→ Assigned task: Return exactly the run of lines that begins at the line containing "P&X设计师2025夏季新款连帽宽松腰果花纹防晒衬衫825205083 紫色" and ends at the last line of the material below; pictures stay out.

→ Exercise materials:
········
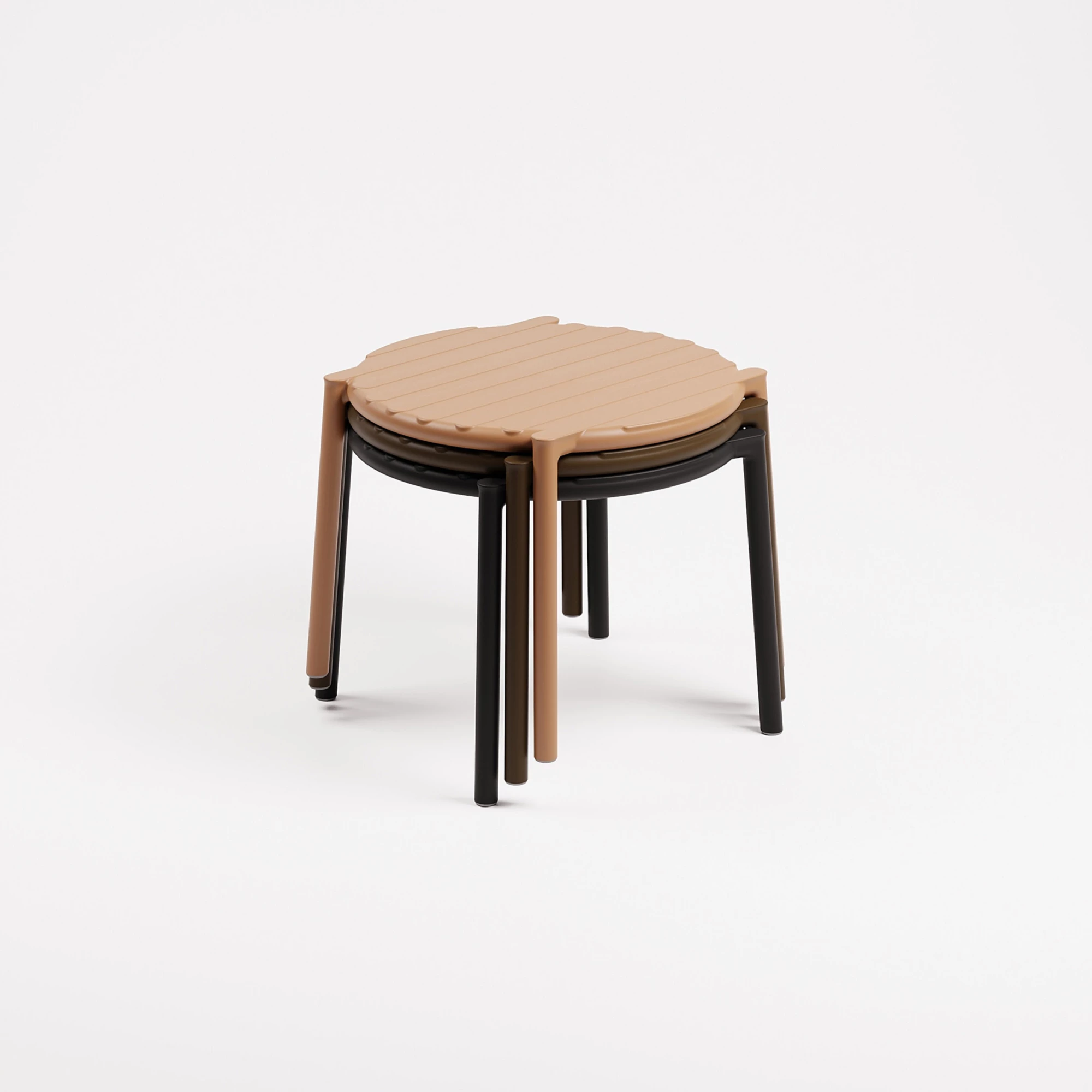 De Doga bijzettafel is een lichtgewicht, monobloc lage tafel, gemaakt van glasvezelhars, met een rond blad en een modern, praktisch design. De stapelbare constructie maakt hem gemakkelijk te verplaatsen en op te bergen. Ontworpen voor horecagelegenheden buiten, is hij gemaakt van uniform gekleurde glasvezelpolypropyleenhars met UV-additieven en een matte afwerking, wat duurzaamheid en eenvoudige hygiëne garandeert.
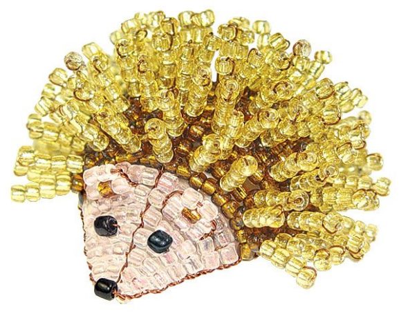 Какой трогательный маленький ёжик! Остренький носик, глазки-бусинки... а ведь глазки действительно сделаны из бусинок, да и весь ёжик сплетён на проволоке из бисера.
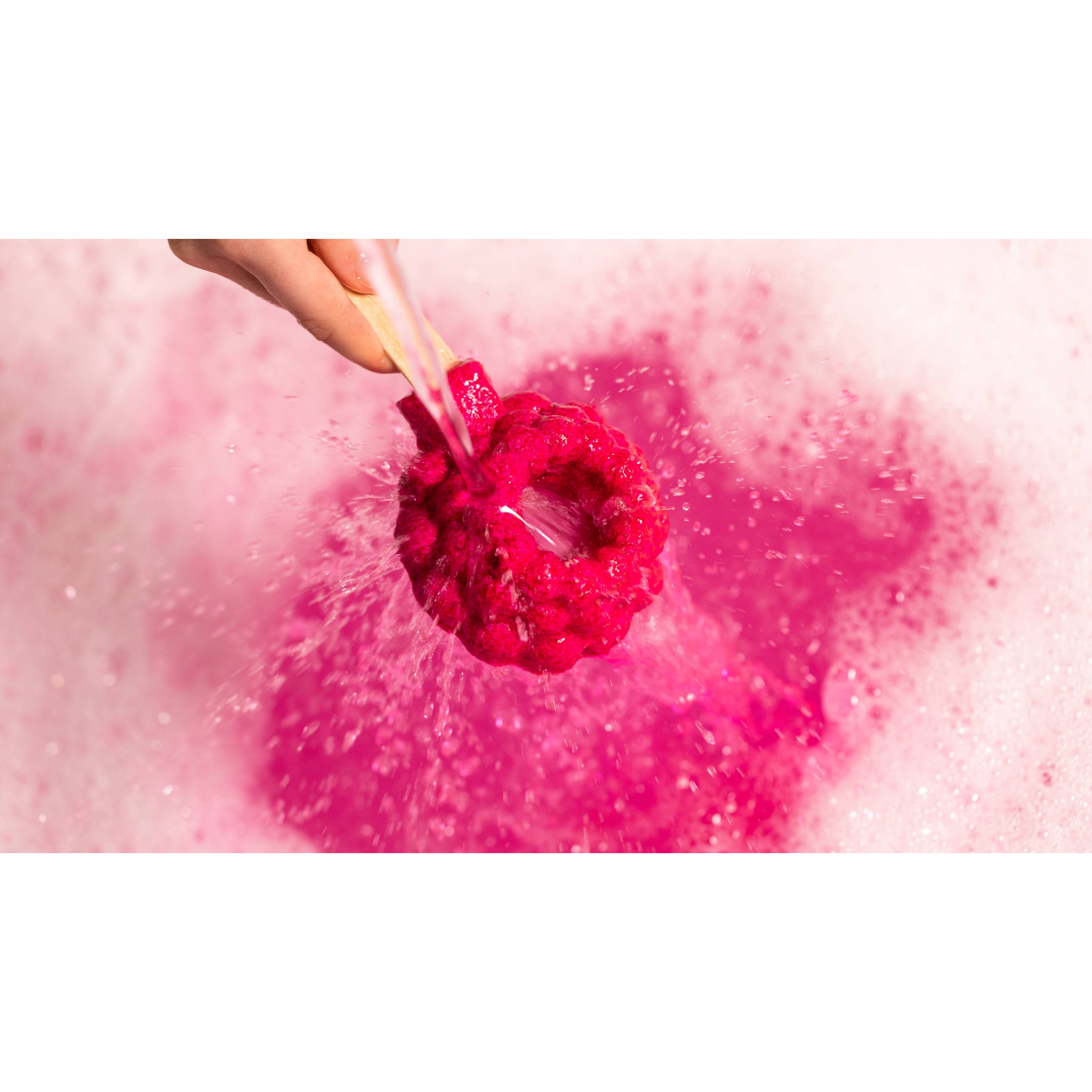 Banish boring bathing by swishing your Raspberry Blower around your tub as it fills. When you’re happy, hold the flat side to your lips and gently blow to release sweet-smelling bubbles bursting with benefits.
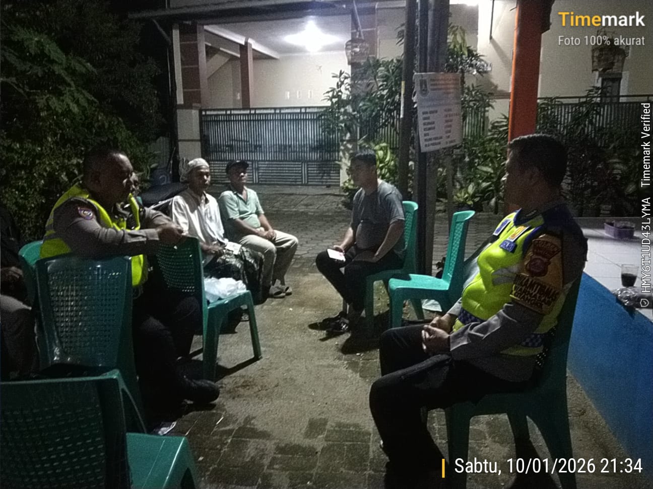 Cilegon - Kasat Binmas Polsek Ciwandan Polres Cilegon Polda Banten IPTU Muhyidin bersama Personil Bhabinkamtibmas Polsek Ciwandan Polres Cilegon Polda Banten BRIPKA Heri Siswantoko melakukan kontrol Pos Ronda dan Berikan himbauan kepada pihak terkait dan warga, agar kegiatan Siskamling ditingkatkan lagi, Minggu (11/01/2026).
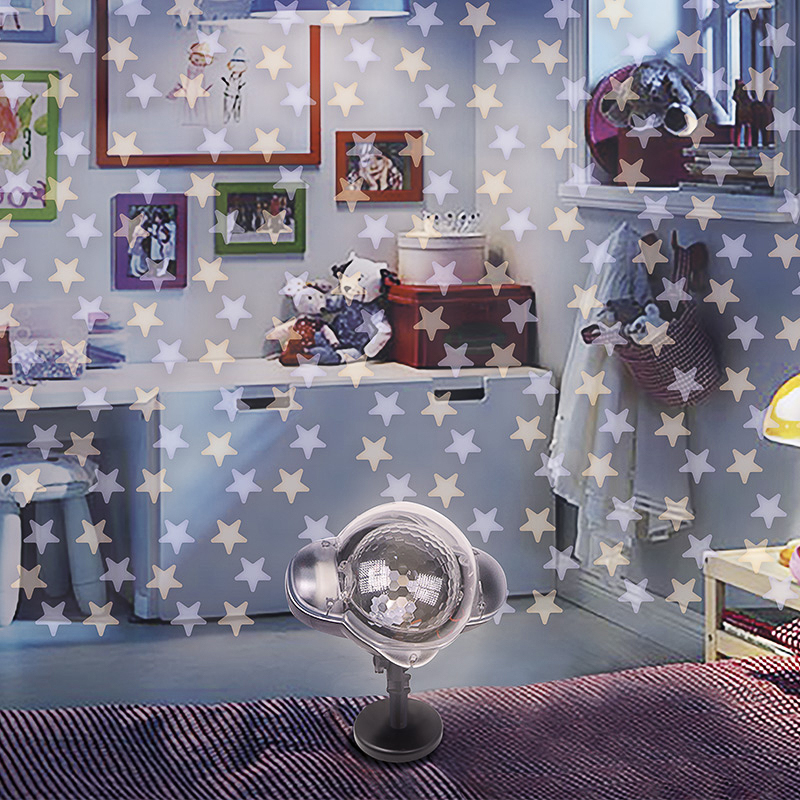 LED-проектор «Звездное небо» с пультом дистанционного управления питается от сети с напряжением 230 Вольт через трансформатор, который значительно снижает уровень рабочего шума. Устройство проецирует изображение звездного неба на любые поверхности с расстояния до 12 метров и может использоваться в качестве ночника. Эффектное световое шоу украсит вашу вечеринку, создаст праздничное веселое настроение гостям. Пульт ДУ позволяет переключать режимы, менять скорость и задавать периоды работы. При рекомендуемом расстоянии площадь проекции имеет размеры 3,5×3,5 метра.
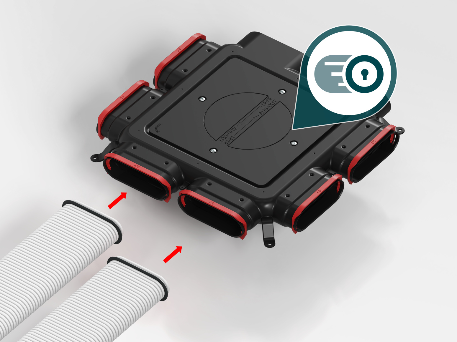 Durch intuitive, passgenaue Montage bildet das vorgedämmte Luftverteilsystem eine luftdichte Einheit ohne Wärmebrücken. Die Luft in den Rohren zirkuliert ohne Temperaturverlust. Dabei wird die Bildung von Kondensat vermieden.
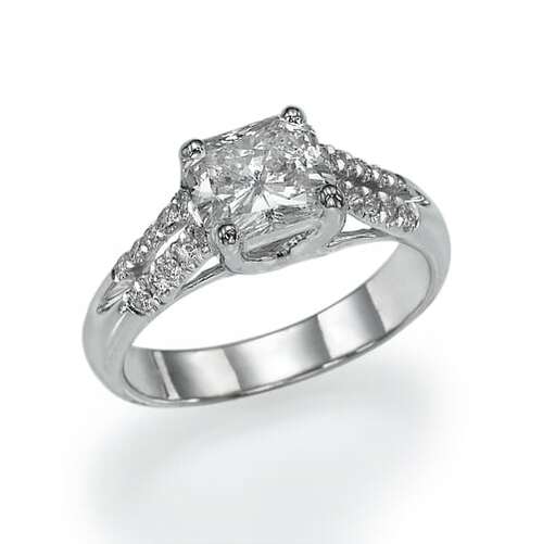טבעת עם יהלום מרכזי בחיתוך "אמרלד" ויהלומי צד. אלגנטית ומיוחדת .
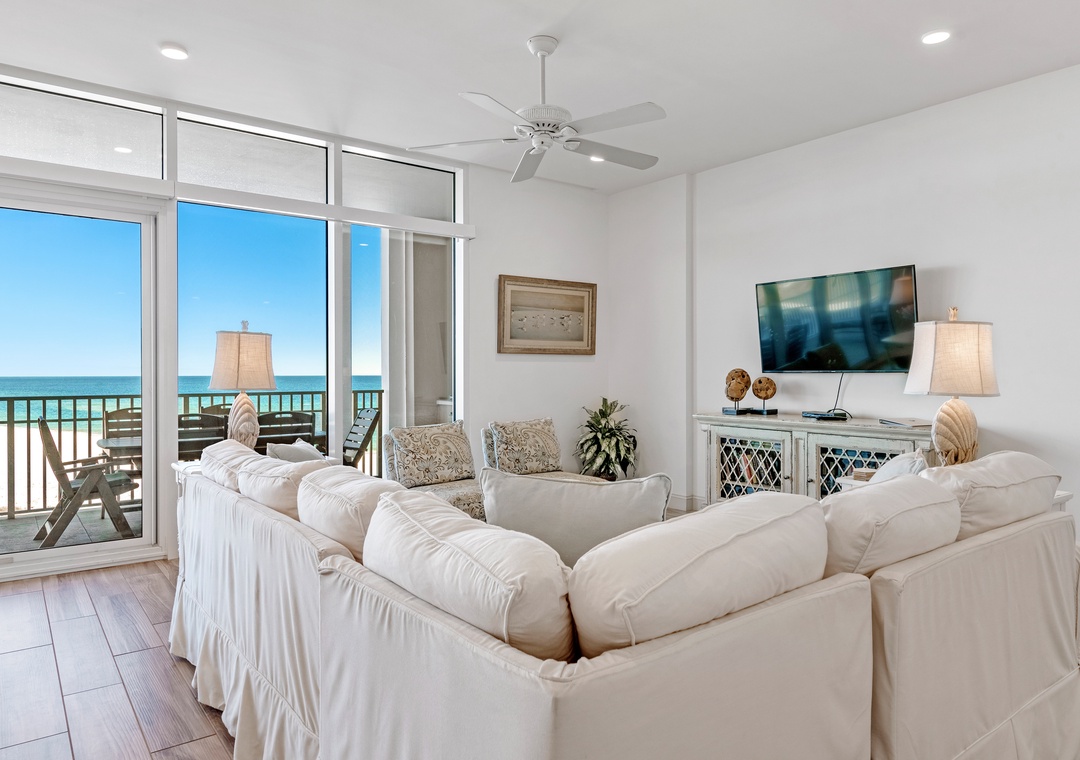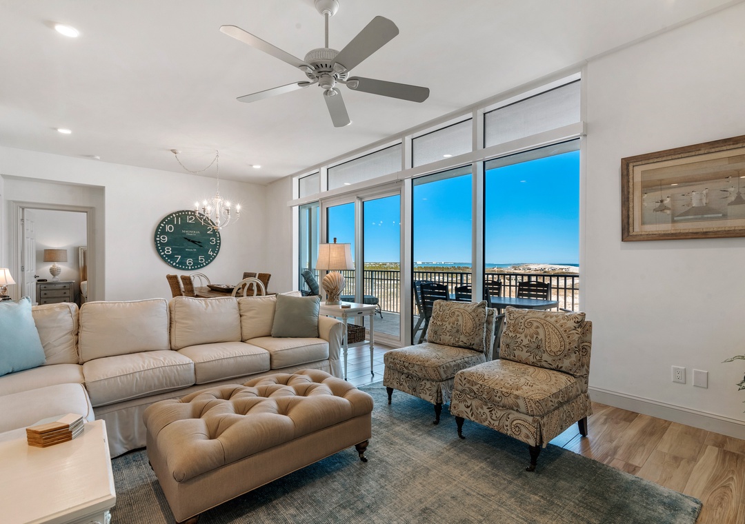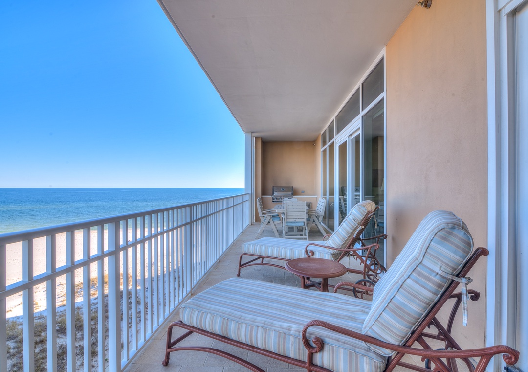Perhaps the most impressive feature, the beachfront balcony overlooking the Gulf of Mexico and the Gulf Islands National Seashore is where you’ll likely spend most of your time! Featuring ample seating including 2 cushioned chaise loungers and an outdoor table with seating for 6, an outdoor kitchen with private gas grill and a picturesque backdrop, you can pop open a bottle of your favorite wine, grill up the day's fresh catch and savor a delightful dinner while the sun sets and the moon begins to glisten over the Gulf of Mexico.
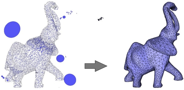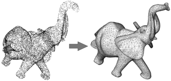Left: 17K points sampled on the statue of an elephant with a Minolta laser scanner. Right: reconstructed surface mesh.
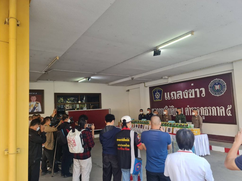 สภ.แม่ฟ้าหลวง วันจันทร์ที่ 13 ก.พ. 66 เวลา 09.00 น. พ.ต.อ.สงกรานต์ สันวงค์ พร้อม จนท.ชุดจับกุม ร่วมแถลงข่าวผลการปฏิบัติงานจับยาเสพติด จำนวน 4.6 ล้านเม็ดและไอซ์ 138 กิโลกรัม ณ ใต้ตึกสืบสวน ภาค 5
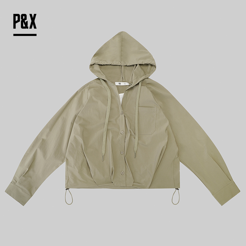 P&X设计师2025夏季新款连帽宽松腰果花纹防晒衬衫825205083 紫色
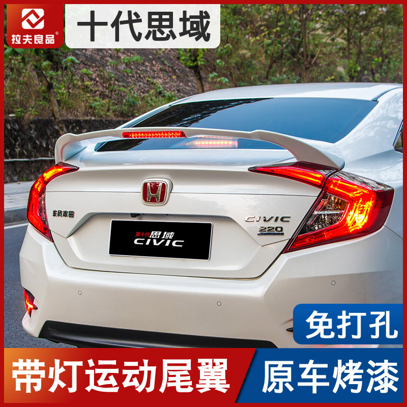 Suitable for the tenth generation Civic rear wing sports car wing with lights free punch size pressure wing modification accessories appearance sport personality
········
→ Solution to the exercise:
 P&X设计师2025夏季新款连帽宽松腰果花纹防晒衬衫825205083 紫色
 Suitable for the tenth generation Civic rear wing sports car wing with lights free punch size pressure wing modification accessories appearance sport personality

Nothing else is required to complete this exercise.